**Supplied material**:
----
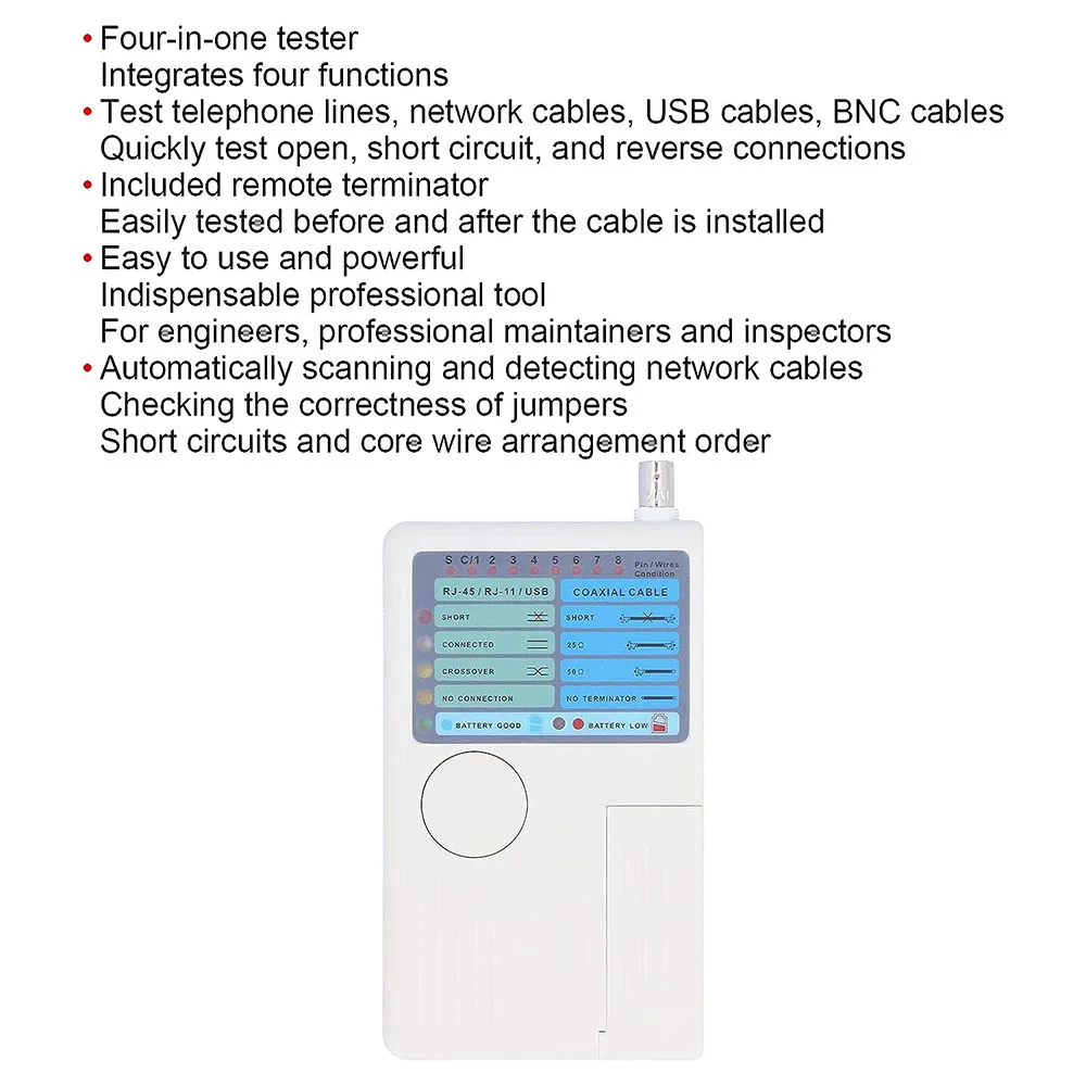 جهاز اختبار كابل الشبكة الاحترافي متعدد الوظائف 4 في 1 RJ45/RJ11/USB/BNC LAN كابل Cat5 Cat6 جهاز اختبار الأسلاك
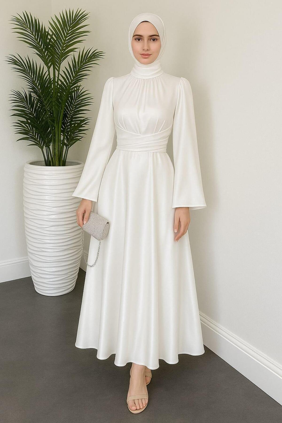 Ispanyol Kol Saten Abiye Elbise Beyaz Ispanyol Kol Saten Abiye Elbise Beyaz VİOLET1 40
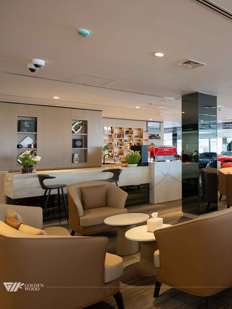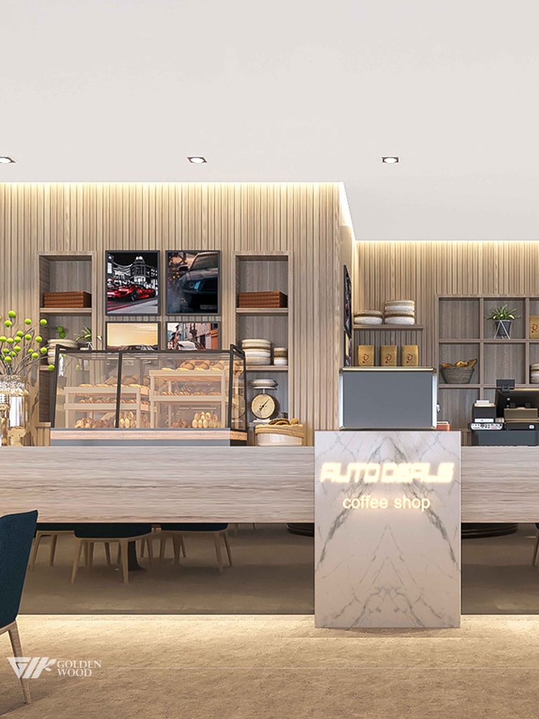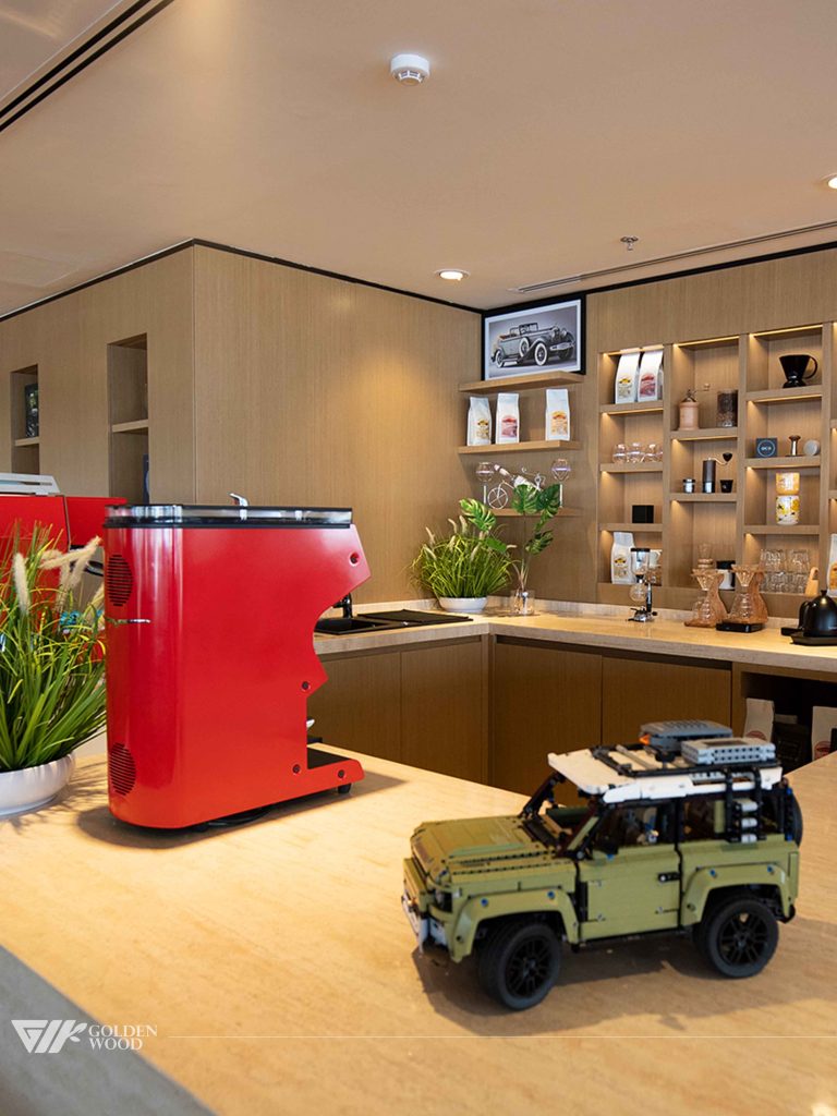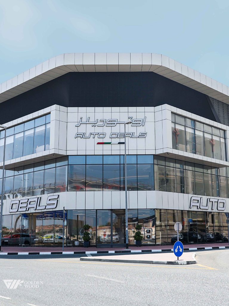 The Auto Deals space features a sleek, contemporary design with a modern automotive theme. The exterior showcases a bold, modern building with large glass windows displaying luxury cars. Inside, the coffee shop area is stylishly integrated, with minimalist furnishings and a focus on high-end coffee equipment. The space blends automotive aesthetics with a comfortable environment, highlighted by clean lines, lighting accents, and curated decor, creating a unique experience for visitors.
----
**Directions**:
Set out nothing but the lines from the line with "Ispanyol Kol Saten Abiye Elbise Beyaz Ispanyol" through the end of the material, reproduced exactly, both ends included, pictures omitted.

**Task result**:
 Ispanyol Kol Saten Abiye Elbise Beyaz Ispanyol Kol Saten Abiye Elbise Beyaz VİOLET1 40
 The Auto Deals space features a sleek, contemporary design with a modern automotive theme. The exterior showcases a bold, modern building with large glass windows displaying luxury cars. Inside, the coffee shop area is stylishly integrated, with minimalist furnishings and a focus on high-end coffee equipment. The space blends automotive aesthetics with a comfortable environment, highlighted by clean lines, lighting accents, and curated decor, creating a unique experience for visitors.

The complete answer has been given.